On my main MBP I’m lucky enough to have two SSD drives installed, so I wanted to leave the first one (OCZ-VERTEX3 MI) to the OS, and dedicate the second one (OWC Mercury Extreme Pro SSD) to user data, while also having both drives fully encrypted with FileVault.

Here I’ll describe the procedure I followed to achieve this.

Enabling the root user

For starters, I recommend you enable the root user: not only does this make it easier to change the location of your home directory, but it also ensures that if something goes wrong (we’ll see later the most common scenario) you will more likely be able to recover your data or fix your user profile.

You can find easy instructions for this on Apple’s support website.
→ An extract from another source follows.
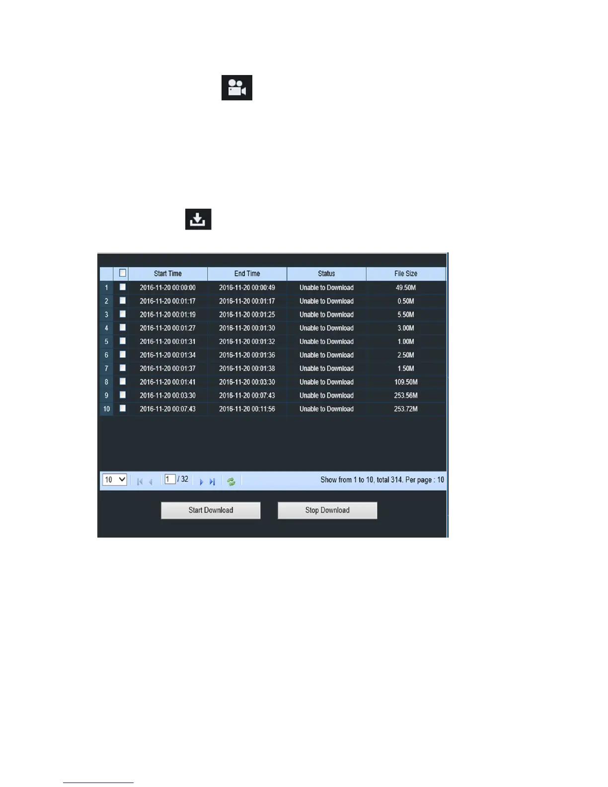 Click download icon “ ” on the control bar to display all the matched record file according to

Encrypting the second drive

I’ll assume here that you’ve already enabled FileVault on the main drive (if not, read this).

Once the root user is enabled, ensure you are logged out ad log in again but as root (from the login window, select ‘other’ and enter ‘root’ as username and whatever password you have set for the root user) and open a terminal. Find the disk you want to encrypt and that will store the home directory with diskutil list:

> diskutil list development [2670cdc] untracked
/dev/disk0
#: TYPE NAME SIZE IDENTIFIER
0: GUID_partition_scheme *240.1 GB disk0
1: EFI 209.7 MB disk0s1
2: Apple_CoreStorage 239.2 GB disk0s2
3: Apple_Boot Recovery HD 650.0 MB disk0s3
/dev/disk1
#: TYPE NAME SIZE IDENTIFIER
0: GUID_partition_scheme *240.1 GB disk1
1: EFI 209.7 MB disk1s1
2: Apple_CoreStorage 239.7 GB disk1s2
3: Apple_Boot Boot OS X 134.2 MB disk1s3
/dev/disk2
#: TYPE NAME SIZE IDENTIFIER
0: Apple_HFS OS *238.9 GB disk2
/dev/disk3
#: TYPE NAME SIZE IDENTIFIER
0: Apple_HFS Data *239.4 GB disk3

In my case I have both drives already encrypted (see Apple_CoreStorage for both drives), but if I hadn’t yet encrypted my second drive, I’d have to run the command

diskutil cs convert /dev/disk1s2 -passphrase

in order to encrypt the partition on my second drive. cs stands for CoreStorage, which is the technology behind FileVault that handles encrypted volumes. The command above will ask for the password you want to use to encrypt the partition – make sure you remember it or keep a note about it somewhere safe, otherwise you won’t be able to access the contents of the encrypted partition later on if you forget it. diskutil will now start encrypting, or “converting” the selected drive, and this will take some time depending on how large the drive is and on how much data is already stored on it.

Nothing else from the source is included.